If you want some more information or training tips, you are free to PM me, eherrera31. I've taught my cat to sit, wave, shake, high-five, touch something, lay down, roll over, sit up, and circle. The best part is, once you really get them used to the clicker, and once they learn about three tricks they start to learn even faster than dogs. Cats are very smart, you just have to know how to make them think that the training is worth it.

Haha, I haven't found any fruit Chica won't eat. She will gnaw on an apple core all day long if you let her. She's crazy over bananas, and it totally game for eating just about any other fruit. Strangely, she doesn't like cooked peas, but if you put her in the garden she'll pick pea pods and eat them right then right there. That's so weird your cat eats condoms... wonder what the heck she's thinking! She's also quite obsessed with lettuce. Once, she and her brother went along with my mom to visit her preschool class. They tag-teamed the lunch table and managed to get a sandwich on the ground. My mom noticed and yelled at them so Kovie quick grabbed the turkey out of it and Chica grabbed the lettuce, and NOT the other piece of turkey :lol:


----------



## Jadedea Jade (Feb 3, 2009)

i feed my cat evoderm. it still has some grain in it but its towards the bottom of the ingredient list.

azores likes to eat plastic. ive caught her licking the trash bag, fishing out plastic out of the trash bin, and when we go grocery shopping she loves to scurry her butt in a plastic bag and lick it all day. she eats plastic so much her poo comes prewrapped lol.

we now hide all trash bags (sometimes i let her lick it) if she tries messing with the trash bins she doesnt anymore because i scared the crap out of her by using the "mom is really pissed off deep throaty oh crap i better stop before she kills me voice" (thanks mom for doing it to me, now i can use it on my cat......). i simply say no and give her the evil eye and she runs away.

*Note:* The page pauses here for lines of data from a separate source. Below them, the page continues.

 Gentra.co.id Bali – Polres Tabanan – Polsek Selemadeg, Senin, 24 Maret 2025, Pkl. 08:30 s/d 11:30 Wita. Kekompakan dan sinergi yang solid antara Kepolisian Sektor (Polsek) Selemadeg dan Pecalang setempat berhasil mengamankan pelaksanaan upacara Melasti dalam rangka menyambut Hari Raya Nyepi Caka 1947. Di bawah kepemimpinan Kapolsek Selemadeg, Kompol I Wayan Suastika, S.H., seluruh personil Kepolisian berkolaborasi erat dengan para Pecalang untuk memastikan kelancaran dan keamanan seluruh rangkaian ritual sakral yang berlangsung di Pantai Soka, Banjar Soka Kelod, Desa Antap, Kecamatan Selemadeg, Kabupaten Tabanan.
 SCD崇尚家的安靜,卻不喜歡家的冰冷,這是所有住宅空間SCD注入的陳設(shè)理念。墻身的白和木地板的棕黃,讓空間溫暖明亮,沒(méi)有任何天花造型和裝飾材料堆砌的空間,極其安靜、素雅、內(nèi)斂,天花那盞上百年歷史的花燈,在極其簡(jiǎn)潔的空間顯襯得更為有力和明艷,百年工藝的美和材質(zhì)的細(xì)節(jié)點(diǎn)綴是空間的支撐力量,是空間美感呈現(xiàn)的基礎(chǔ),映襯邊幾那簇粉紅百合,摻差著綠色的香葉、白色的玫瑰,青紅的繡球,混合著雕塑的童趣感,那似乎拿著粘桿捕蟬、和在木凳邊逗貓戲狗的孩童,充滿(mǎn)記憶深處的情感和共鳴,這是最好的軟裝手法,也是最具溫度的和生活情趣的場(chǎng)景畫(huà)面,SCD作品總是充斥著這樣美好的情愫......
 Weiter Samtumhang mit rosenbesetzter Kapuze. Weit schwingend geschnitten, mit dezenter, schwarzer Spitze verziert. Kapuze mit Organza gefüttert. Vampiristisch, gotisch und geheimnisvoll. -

my cat loves plastic!!! lol


----------



## KarlLovesKittens (Sep 14, 2009)

Jadedea Jade said:


> she eats plastic so much her poo comes prewrapped lol.


I'm sorry for off-topic but this made me laugh so hard! :lol: :lol: :lol: :lol:


----------



## Jack&Harley (Nov 2, 2008)

Our kitten Pepper has an appetite on her as well. But for human food, which as the person who watched her be born and watched her mother raise her and helped, she never saw people food until she came inside to live with us. Her brother is the same way--he lives next door. It drives me insane. I'm hoping that with the new diet change in our house to raw that her cravings will be fulfilled. But meanwhile she's learning that she can't grab from our plates. I put her on the floor or push her back and say no and snap my fingers (thats what our adult males know to mean mommy or daddy wants us to do something). She's getting it slowly.

I have trained one of my males as well and I think I'm going to work on training her I got a great book cat training in 10 minutes I think it is.

Leslie


----------